Suppose we have a linear function $A\colon \mathbb R^k \to \mathbb R^k$ which is not injective (hence not surjective). Clearly, we have $\mu(A(\mathbb R^k))=0$ where $\mu(\cdot)$ is the Lebesgue measure on $\mathbb R^k$.
Then, for every $\varepsilon>0$ there exists a $\eta>0$ s.t. $ \mu(\{x\in \mathbb R^k: d(x, A(B_1(\mathbf0))) \le \eta\}) < \varepsilon. $ where $B_1(\mathbf 0)$ is the unit ball in $\mathbb R^k$.

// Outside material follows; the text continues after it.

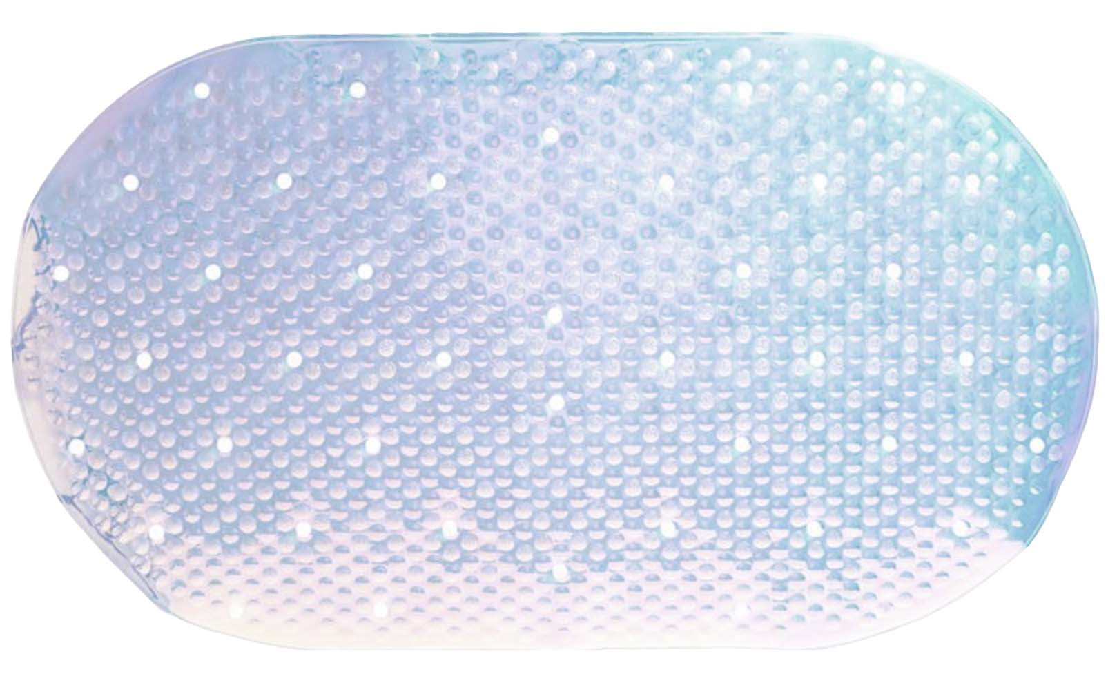 Mainstays Holographic Tub Mat is a fun shiny colorful mat with cushioned bubbles for a comfy feel. This tub mat has skid-resistant suction cups, holes for water drainage, & mildew-resistant latex-free. Measures approximately 15” x 27". Add safety and style to your bathtub with this convenient non-slip bath mat, adding a slip-resistant grip to the floors of your bath or shower.

Is this fact so obvious? I find it in the proof of a theorem on Rudin, R&CA (Chapter 7, thm. 7.24, pag 152) and I'm quite puzzled. I tried to justify this passage in the following manner: consider the sets $ E_n :=\left\{x\in \mathbb R^k: d(x, A(B_1(\mathbf0))) \le \frac{1}{n}\right\} $ Then $ \bigcap_{n\in \mathbb N}E_n=\{x\in \mathbb R^k: d(x, A(B_1(\mathbf0))) =0\}=\overline{A(B_1(\mathbf0))} $ (I'm not so sure about the last equality...). Then, by monotonicity of the measure, we get $ \mu\left(\bigcap_{n \in \mathbb N}E_n\right)=0 $ which implies, if $\mu(E_1)<+\infty$ $ \lim_{n\to+\infty} \mu(E_n)=0. $ From this, I think that Rudin's claim follows (just writing the $\varepsilon-\delta$ definition of limit). But I'm not sure: indeed, I can't show that $\mu(E_1)<+\infty$ and, secondly, I think there is something I'm missing, it can't be too difficult (otherwise Rudin would have explained it!).
Thanks in advance.